Въезд на мост с нашей стороны, как и с той, был перекрыт грузовиком, только здесь «КамАЗом». По бокам громоздились мешки с песком. Из-за них нам приказали:

— Стоять на месте! Бросить оружие! Руки за голову!

Мы послушно выполнили приказ. Из-за бруствера появился средних лет майор-эмвэдэшник, а с ним — человек пять солдат с автоматами на изготовку.

— Кто такие?

— Капитан Пастухов, — представился я. — Командир оперативной группы специального назначения. Вот мои документы.

Он внимательно изучил удостоверение и вернул мне, понимающе протянув:

— А-а, спецназ! То-то мы гадали: кто это там такую заварушку устроил?.. — Он кивнул в сторону моста. — Этот был ваш?

Я подтвердил:

— Наш.

— Воздух! — истошно завопил один из солдатиков.

Мы поспешно юркнули за бруствер.

С запада сначала донеслось характерное полуфырканье-полубульканье вертолетных винтов, затем на фоне заходящего солнца прорисовались три черные хищные тени. Это и были «акулы». Я удивился: неужели всего полчаса прошло?

Взглянул на свои «командирские»: точно, всего тридцать две минуты. А казалось — полдня! И вторая мысль мелькнула: три «акулы», три «Су-25». Чтобы задействовать их, генерал-майором быть мало, какую бы должность этот Жеребцов ни занимал.

Здесь командовал кто-то калибром покрупнее. Намного крупнее. И мне это, честно сказать, не очень понравилось.

«Акулы» прошли над ущельем и мостом туда, потом обратно, зависли, рассматривая то, что внизу: обломки пролета и догорающий «ровер», потом покрутились над чеченским блокпостом. Кто-то из джигитов не выдержал, пальнул по ним ракетой. «Акулы» снизились и высыпали на блокпост десятка полтора фугасок, явно припасенных для нас. Потом прошили предмостье из крупнокалиберных пулеметов и, довольно похрюкивая двигателями и лопастями, ушли на запад. Им было что доложить: мост взорван, «лендровер» свалился вниз и сгорел, задание выполнено.

Только вот кому они это будут докладывать? Это меня сейчас интересовало больше всего.

Я сообщил майору МВД, что имею сверхважную оперативную информацию, которую нужно срочно доставить в штаб. В какой, я уточнять не стал. Он помялся, покряхтел, но свой «УАЗ» все-таки дал, только слезно просил вернуть без задержки. Я клятвенно пообещал.

— Куда? — спросил шофер, когда мы набились, как селедки в бочку, под брезентовый тент «уазика».

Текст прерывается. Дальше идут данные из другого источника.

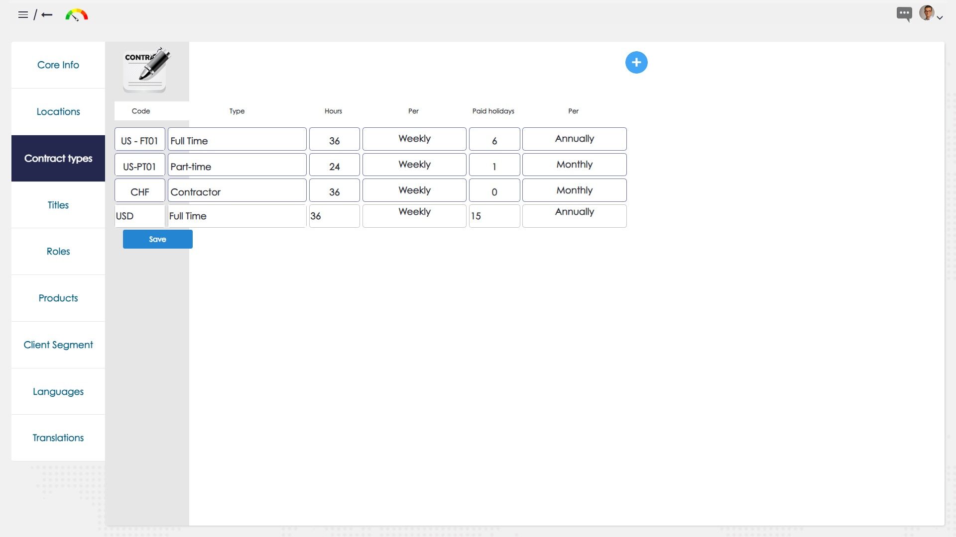4. Enter code, type, hours & paid holidays. Save

Я помедлил с ответом. По правилам я должен был бы явиться и доложить обо всем своему непосредственному командиру, полковнику Дьякову. Он был мужик что надо, я вполне ему доверял. Но сможет ли он что-нибудь сделать? Не поставлю ли я его в сложное и даже опасное положение, нагрузив этой информацией, источающей смерть, как клубок ядовитых гадюк? Нельзя этого делать, понял я и скомандовал водителю:

— В штаб армии!

Через час с небольшим он высадил нас на окраине Грозного и поспешил обратно, чтобы успеть добраться до своего блокпоста засветло. Внешнюю охрану мы прошли довольно легко. Сработало: спецназ, опергруппа особого назначения. А вот на входе в здание школы, где размещался командный пункт командарма и его штаб, получился полный затык. Капитан, дежуривший у входа с четырьмя солдатами, и слышать ничего не хотел: есть у тебя непосредственный начальник — к нему и иди. Я уж и так, и эдак — ни в какую. Единственное, чего я добился: он позвонил адъютанту командующего, доложил о моей просьбе и, повесив трубку, приказал мне:

— Кру-гом! И на выход. Или я сейчас вызову комендантскую роту и будешь ночевать на «губе»!

Ничего не поделаешь, пришлось привести более веские аргументы. Мы очень деликатно обезоружили капитана и его команду, связали, заткнули кляпами рты и оттащили в дежурку. Пока мы шли по широкому школьному коридору, отыскивая приемную командарма, штабные майоры и подполковники, попадавшиеся нам на пути, очень подозрительно нас рассматривали, но остановить и спросить, какого хрена нам тут нужно, никто из них не решился. Почему-то. Зато довольно молодой адъютант в звании подполковника даже в лице изменился, увидев нас на пороге приемной.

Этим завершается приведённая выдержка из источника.